For the Fall 2022 book club, we will meet via Zoom at 7:00 est on October 20th and November 17th to discuss the readings. You will receive an email with the Zoom meeting information as the date approaches.
We look forward to meeting and discussing Smith's work with you.
- Oct. 20–Lillian Smith One Hour
- Nov. 17–Robert Jones, Jr. The Prophets
Traveling Workshop on Social Change
The Lillian E. Smith Center offers a workshop on social change that individuals and organizations may use in the form of a PowerPoint slide presentation. First presented for the Washington Gladden Society at the 2015 Annual Meeting of the National Association of Congregational Christian Churches, this workshop is based on the Lillian E. Smith Symposium on Arts and Social Change, a biennial program that explores the impact of artistic expression on facing the challenges of inequality, injustice, racism, discrimination, and other social problems. The workshop uses videos, historic and modern photographs, and quotations from Lillian Smith's book, Our Faces Our Words, to encourage discussion about the vital role we all play in effecting social change. Access the workshop slide presentation.
Recreation and Public Access
The LES Center property is an ideal location for a whole host of recreational, social, and instructional activities for Piedmont University. The site can be used for weekend trips that include hiking, climbing, mountain biking, camping, team-building games, and more. Campus clubs and organizations can use the facilities for planning retreats, outdoor activities, or service projects.

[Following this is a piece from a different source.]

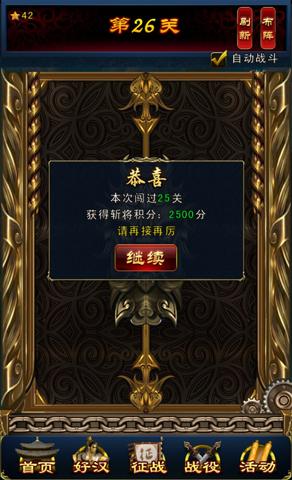 “过关斩将”游戏玩法是专门为考验同屏其他玩家所设定的特点系统软件,玩家既能借此机会一窥别的玩家的好汉组合构思与阵型方法,提高己方整体实力的同时也能取得急需的好汉觉醒原材料,进一步强化己方好汉,做到“一箭双雕”的效果。

Administration, faculty, and staff can combine recreation and relaxation with meetings for special projects in a retreat-type atmosphere. Public access to the LES Center includes scheduled individual and group tours, book club meetings, retreats, and workshops. Rental fees apply for some activities. There is no admission fee for tours, but donations are always welcome and greatly appreciated. For more information, call us at 706-894-4204.
Southern Literary Trail
The LES Center is an inaugural member of the Southern Literary Trail, a consortium of literary landmarks devoted to twentieth-century fiction writers and playwrights from Georgia, Alabama, and Mississippi. “Trailfest” is a series of public programs coordinated by the organization at over two dozen sites across the three states every other year, spanning a three-month period in the spring. The LES Center has been included each year since the festival began in 2007. For more information,visit the Southern Literary Trail website.
The LES Center also sponsors the Lillian E. Smith Writer-in-Service Award which includes a two-week residency at the Center, a $500 honorarium, and a $500 travel allowance. The Award is open to U.S. residents working to advance writing through public service careers or volunteer work. Eligible activities include, but are not limited to, arts education, literacy instruction, prison arts and education, English as a second language instruction, art-related therapies, etc. While the work of writing instructors and volunteers is vital to the community, the demands often limit personal writing time. This award provides an opportunity for those writers who, like Lillian E. Smith, recognize “the power of the arts to transform the lives of all human beings.”